▶ **Data in this exercise**
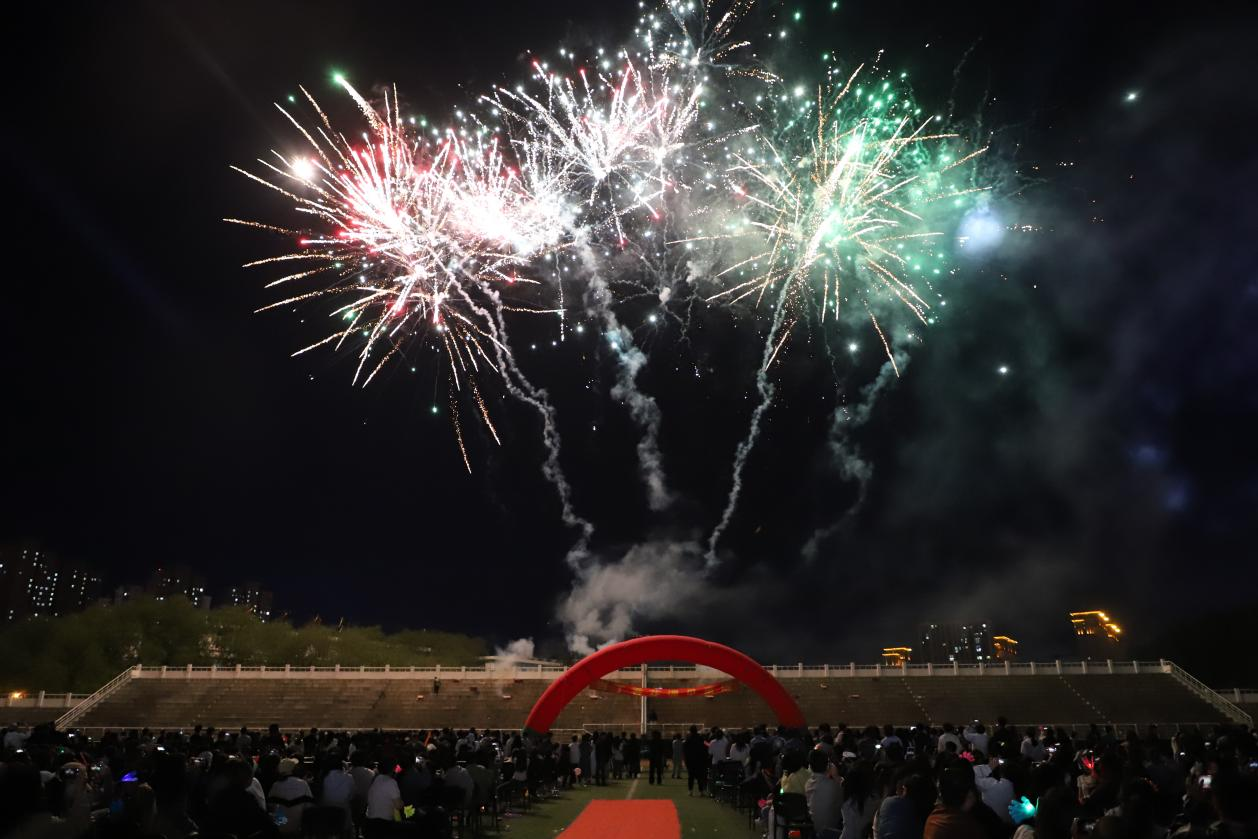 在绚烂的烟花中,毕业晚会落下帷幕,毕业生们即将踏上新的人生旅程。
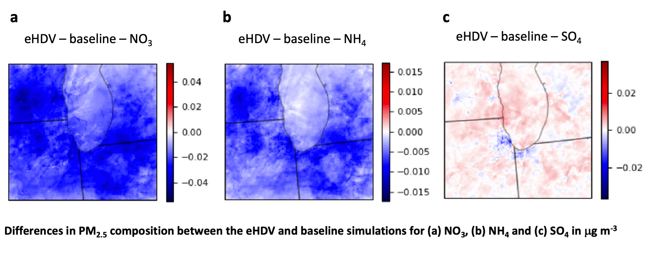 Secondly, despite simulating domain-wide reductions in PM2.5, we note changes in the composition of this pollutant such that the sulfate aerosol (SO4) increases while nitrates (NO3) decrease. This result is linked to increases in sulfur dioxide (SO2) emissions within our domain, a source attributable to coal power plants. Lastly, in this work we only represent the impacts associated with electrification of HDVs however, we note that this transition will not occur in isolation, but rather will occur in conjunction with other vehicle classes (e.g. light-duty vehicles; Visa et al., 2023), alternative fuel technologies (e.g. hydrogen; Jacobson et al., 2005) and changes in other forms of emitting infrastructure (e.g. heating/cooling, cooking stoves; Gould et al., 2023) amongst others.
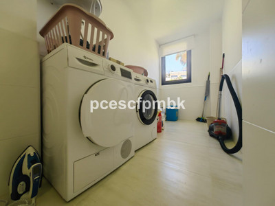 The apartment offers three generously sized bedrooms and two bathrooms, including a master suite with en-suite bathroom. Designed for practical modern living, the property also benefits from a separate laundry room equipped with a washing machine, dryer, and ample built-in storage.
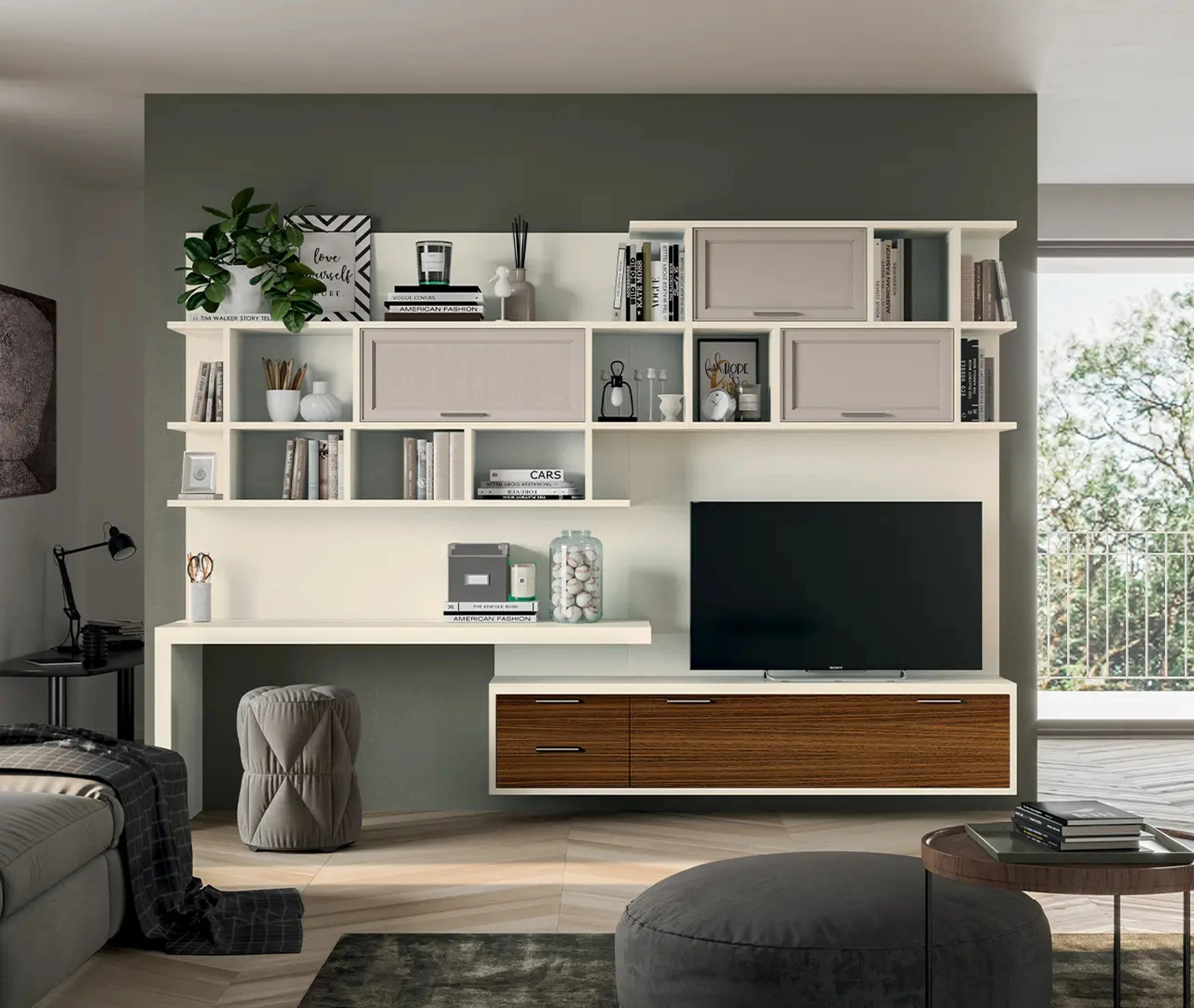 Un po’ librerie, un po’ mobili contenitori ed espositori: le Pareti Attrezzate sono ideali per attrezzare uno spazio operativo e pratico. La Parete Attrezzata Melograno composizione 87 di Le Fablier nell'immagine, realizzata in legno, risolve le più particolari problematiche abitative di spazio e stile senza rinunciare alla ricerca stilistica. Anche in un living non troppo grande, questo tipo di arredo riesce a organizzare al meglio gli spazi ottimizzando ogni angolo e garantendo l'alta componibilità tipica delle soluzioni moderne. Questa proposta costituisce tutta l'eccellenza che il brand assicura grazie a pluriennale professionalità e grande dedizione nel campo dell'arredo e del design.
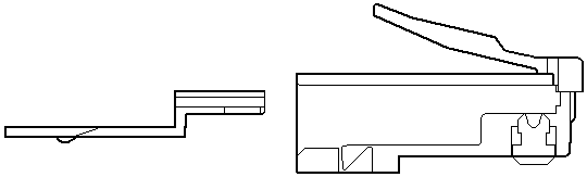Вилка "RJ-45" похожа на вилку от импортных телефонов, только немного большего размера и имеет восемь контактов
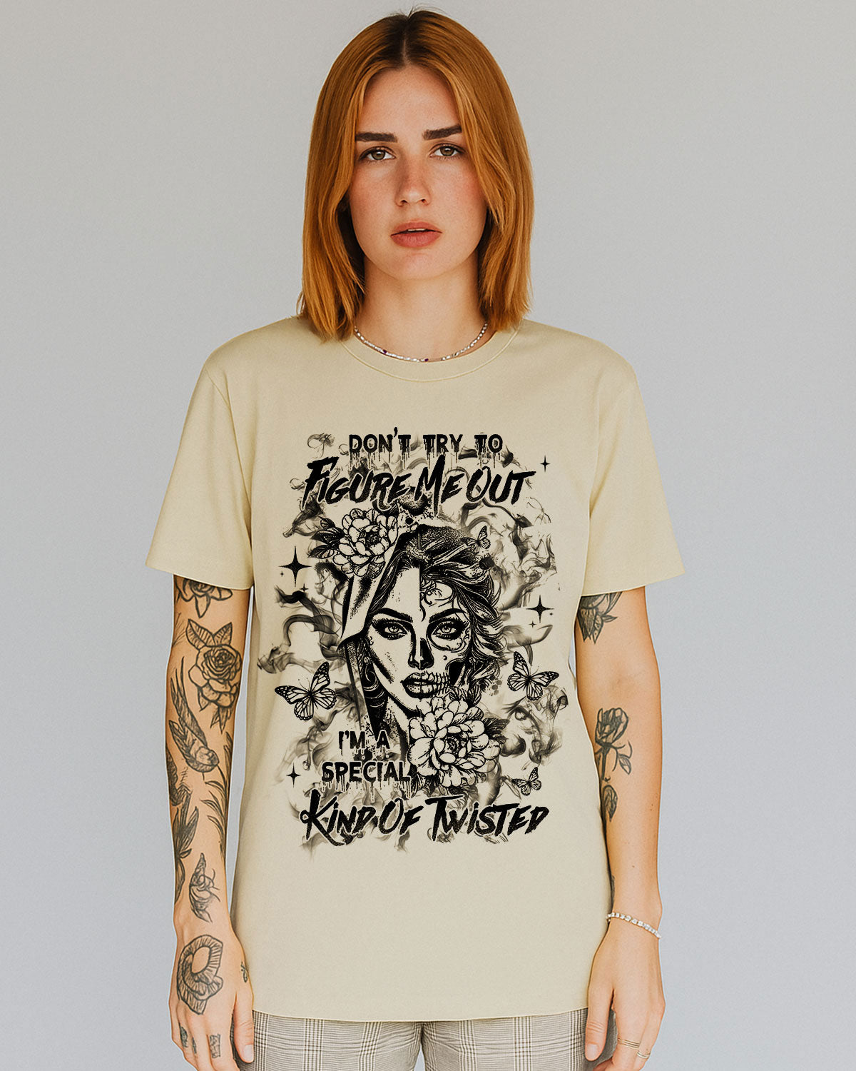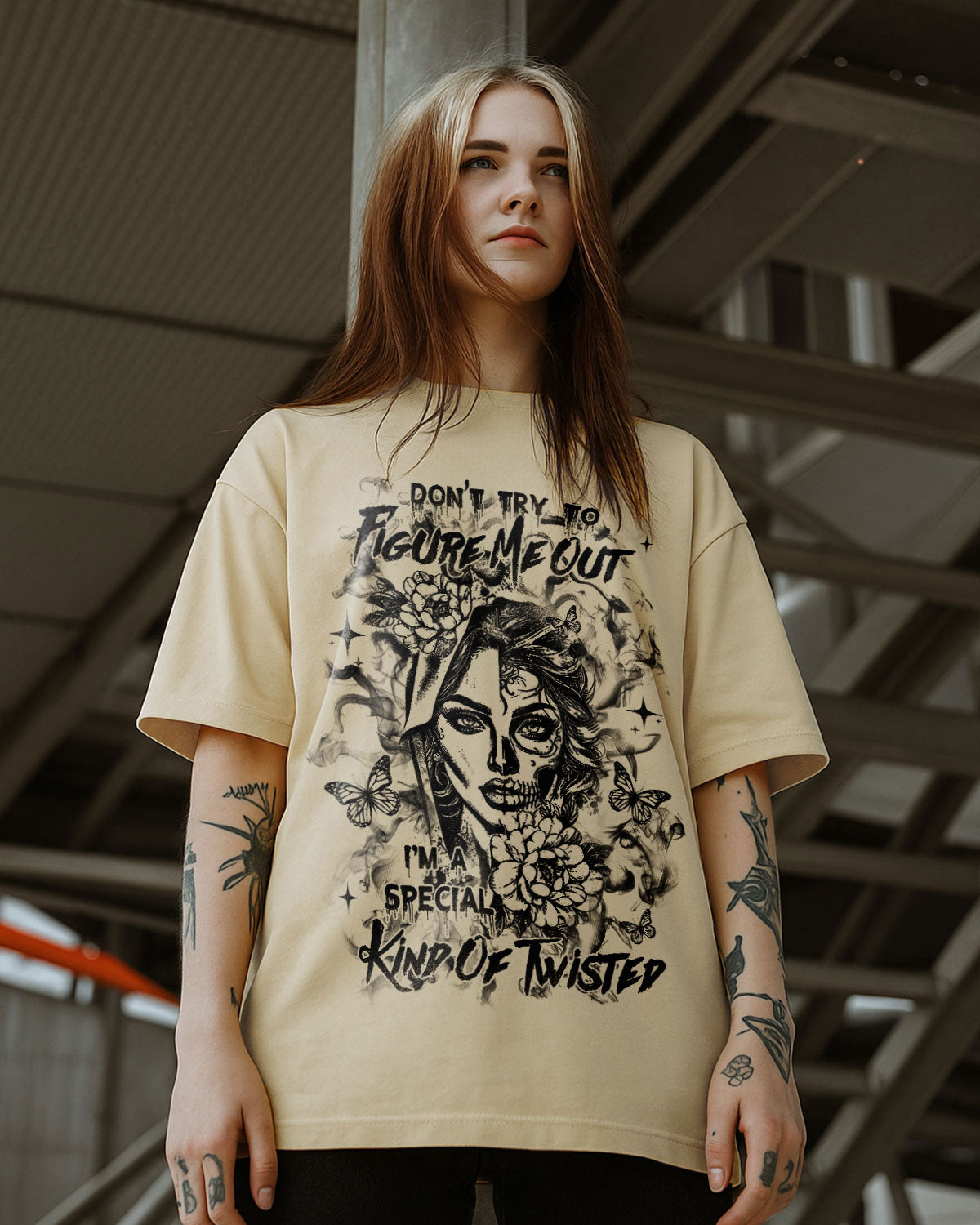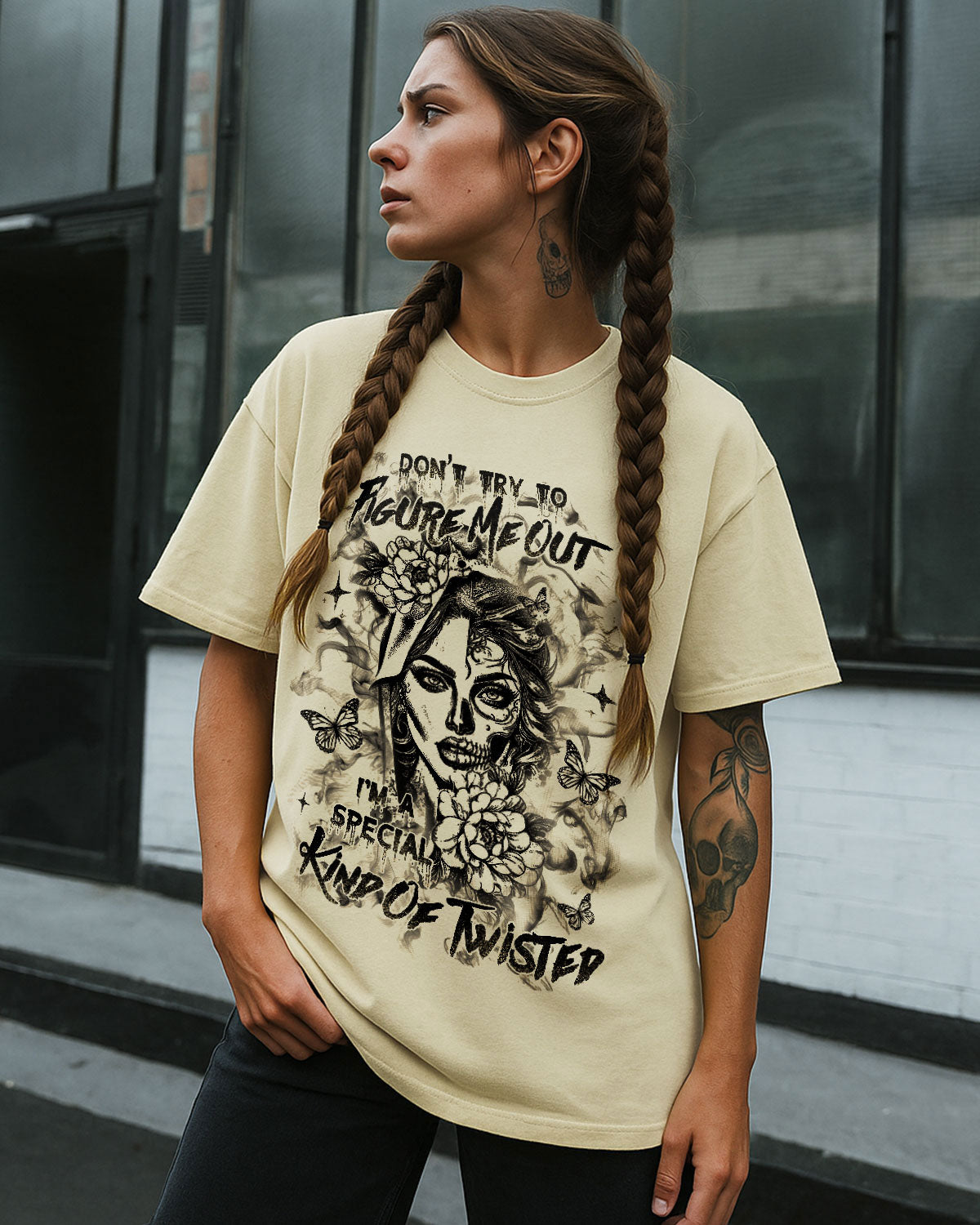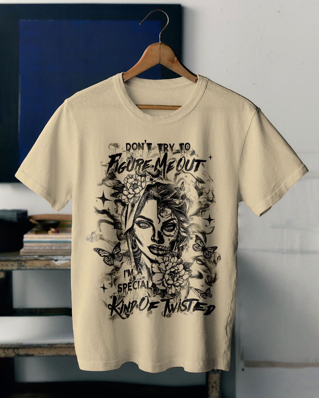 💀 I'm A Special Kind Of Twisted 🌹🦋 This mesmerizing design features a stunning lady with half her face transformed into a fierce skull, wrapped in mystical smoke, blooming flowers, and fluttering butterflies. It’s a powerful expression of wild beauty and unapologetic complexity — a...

▶ **Exercise directions**
While leaving pictures out, reproduce exactly the lines from the beginning of the listing above through the line containing "имеет восемь контактов", both ends included.

▶ **Written response**
 在绚烂的烟花中,毕业晚会落下帷幕,毕业生们即将踏上新的人生旅程。
 Secondly, despite simulating domain-wide reductions in PM2.5, we note changes in the composition of this pollutant such that the sulfate aerosol (SO4) increases while nitrates (NO3) decrease. This result is linked to increases in sulfur dioxide (SO2) emissions within our domain, a source attributable to coal power plants. Lastly, in this work we only represent the impacts associated with electrification of HDVs however, we note that this transition will not occur in isolation, but rather will occur in conjunction with other vehicle classes (e.g. light-duty vehicles; Visa et al., 2023), alternative fuel technologies (e.g. hydrogen; Jacobson et al., 2005) and changes in other forms of emitting infrastructure (e.g. heating/cooling, cooking stoves; Gould et al., 2023) amongst others.
 The apartment offers three generously sized bedrooms and two bathrooms, including a master suite with en-suite bathroom. Designed for practical modern living, the property also benefits from a separate laundry room equipped with a washing machine, dryer, and ample built-in storage.
 Un po’ librerie, un po’ mobili contenitori ed espositori: le Pareti Attrezzate sono ideali per attrezzare uno spazio operativo e pratico. La Parete Attrezzata Melograno composizione 87 di Le Fablier nell'immagine, realizzata in legno, risolve le più particolari problematiche abitative di spazio e stile senza rinunciare alla ricerca stilistica. Anche in un living non troppo grande, questo tipo di arredo riesce a organizzare al meglio gli spazi ottimizzando ogni angolo e garantendo l'alta componibilità tipica delle soluzioni moderne. Questa proposta costituisce tutta l'eccellenza che il brand assicura grazie a pluriennale professionalità e grande dedizione nel campo dell'arredo e del design.
Вилка "RJ-45" похожа на вилку от импортных телефонов, только немного большего размера и имеет восемь контактов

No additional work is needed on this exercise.